Bis zur Unendlichkeit, aber wie viel weiter noch?

Einer der ersten Sätze des Producers beim Anspieltermin von Mass Effect Andromeda geht direkt ins Herz: "Wir wollten das Gefühl abenteuerlicher Entdeckung wiedererwecken, welches das erste Mass Effect definierte", beschreibt Fabrice Condominas den Ansatz, mit man vor fünf Jahren mit der Ideenfindung für Andromeda begann. Selbst als jemand, der das letzte Mass Effect trotz einiger Ungereimtheiten am Schluss für den Ritt und die Endgültigkeit genoss, mit der es die Trilogie abschloss, muss man doch gestehen: Der Trekkie-artige Zauber vom Beginn blieb irgendwann zu Gunsten eines kosmischen Weltenuntergangsspektakels ein bisschen auf der Strecke.

Die Expedition ins Unbekannte war es doch, die mich für diese Reihe gewann. Dem zweiten Teil hielt ich wegen des Universums und seiner Bewohner die Treue und dem dritten wegen der Aussicht auf ein großes Finale. Meine Beziehung zu der Reihe wandelte sich im Verlauf, was wohl nur natürlich ist. Aber mit der wachsenden Vertrautheit mit diesem Universum und im Orbit um den einen, großen Konflikt wich auch der Zauber unbekannter Welten in den Hintergrund. Ich vermisste dieses Flitterwochengefühl unter Sternen. Nun, mit Andromeda soll es wieder Einzug halten. Condominas sagt, der Aufschwung von Science-Fiction-Themen in der öffentlichen Wahrnehmung stärkte Bioware den Rücken, dass die Zeit gekommen sei, wieder in unbekannte Welten vorzustoßen.

Mass Effect Andromeda - Gameplay-VideoAuf YouTube ansehen

Der Auftrag für die Besatzung des Nexus und der vier Archen beginnt zwischen den Geschehnissen von Mass Effect 2 und 3. Die zu diesem Zeitpunkt noch etwas diffuse Bedrohung durch die Reaper weckt in der Menschheit und ihren Partnern eine Art Aufbruchsstimmung in eine neue Galaxie, ein "Plan B" für die Menschheit, Kroganer, Asari, Salarianer und Turianer soll diese Reise werden, wie Condominas es beschreibt. "Eine neue Heimat für die Menschheit finden", die Agenda. Das bedeutet auch, den alten Welten für immer "Lebewohl" zu sagen. 600 Jahre dauert die Reise in die Andromeda-Galaxie, deren Heleus Cluster nach ersten Scans offenbar lebenswerte Welten enthielt. Doch während die Tausenden Crewmitglieder der diversen Schiffe im Cryoschlaf nichts davon mitbekommen, bleibt am Zielort die Zeit nicht stehen.

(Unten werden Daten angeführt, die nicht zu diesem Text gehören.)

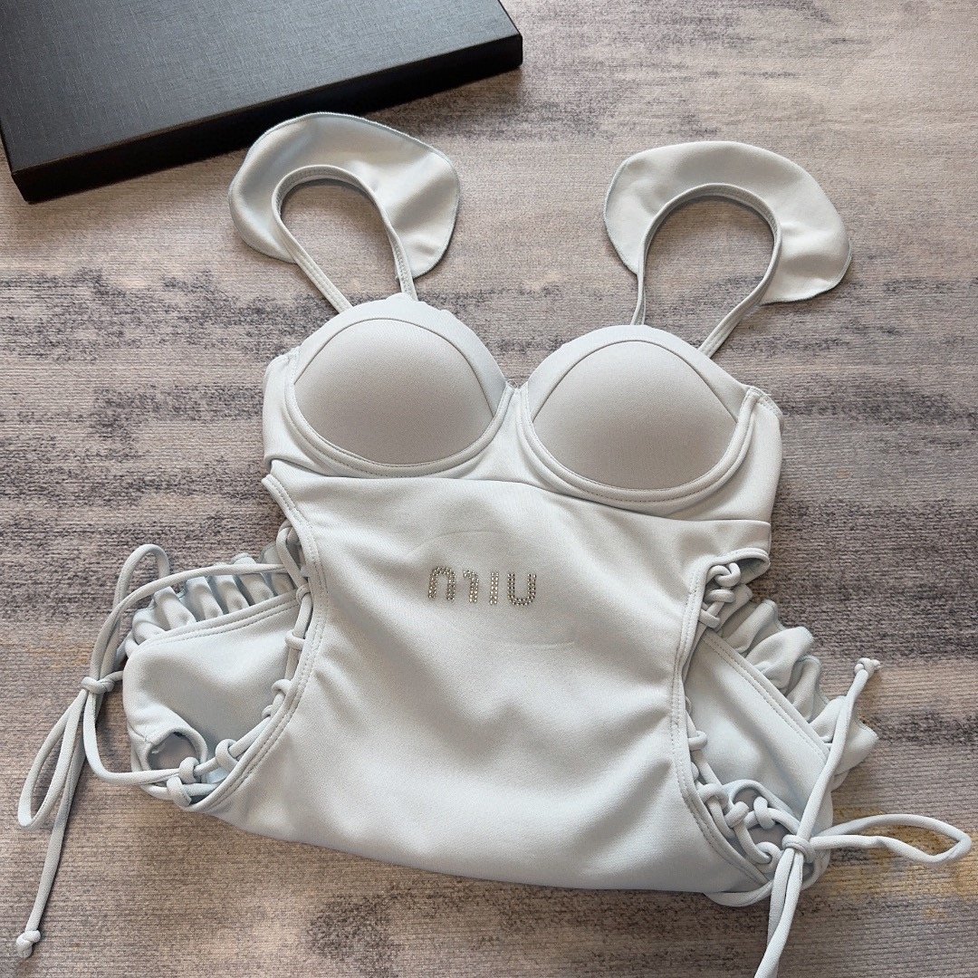 MiuMiu 腰身连体泳衣白色

Als wir gut 90 Minuten aus der Eröffnung spielen, bekommen wir direkt viel vom Sci-Fi-Geist zu spüren, Entdecker unter einem fremden Firmament zu sein. Unplanmäßig ruppig wird die Besatzung bei ihrer Ankunft geweckt. Sarah oder Scott Ryder, wen auch immer ihr spielen wollt, geht zusammen mit dem Pathfinder - ebenfalls ein Ryder und Vater der beiden - auf den nahen Planeten runter, um zu sehen, wodurch genau die Arche zum Stehen kam. Ryder, der ältere, war Mitglied der legendären N7-Einheit, der auch Shepard angehörte, und ist die erste Instanz, wenn es darum geht, neue Welten für eine mögliche Kolonisierung zu sichten und sichern. Natürlich werdet ihr auf dem Weg nach unten getrennt und macht euch nur mit einem weiteren Verbündeten, Liam auf die Suche nach den anderen. Der Planet hat seit den ersten Untersuchungen vor 600 Jahren eine mysteriöse Wandlung durchgemacht. Schwerelose Felsbrocken, offenbar terraformte Gebilde, Blitze, die unentwegt im Boden einschlagen. Ein allgemein lebensfeindlicher Eindruck lassen erste Zweifel daran entstehen, ob es eine gute Idee war, das Ein-Weg-Ticket dieser Freiwilligenmission einzulösen.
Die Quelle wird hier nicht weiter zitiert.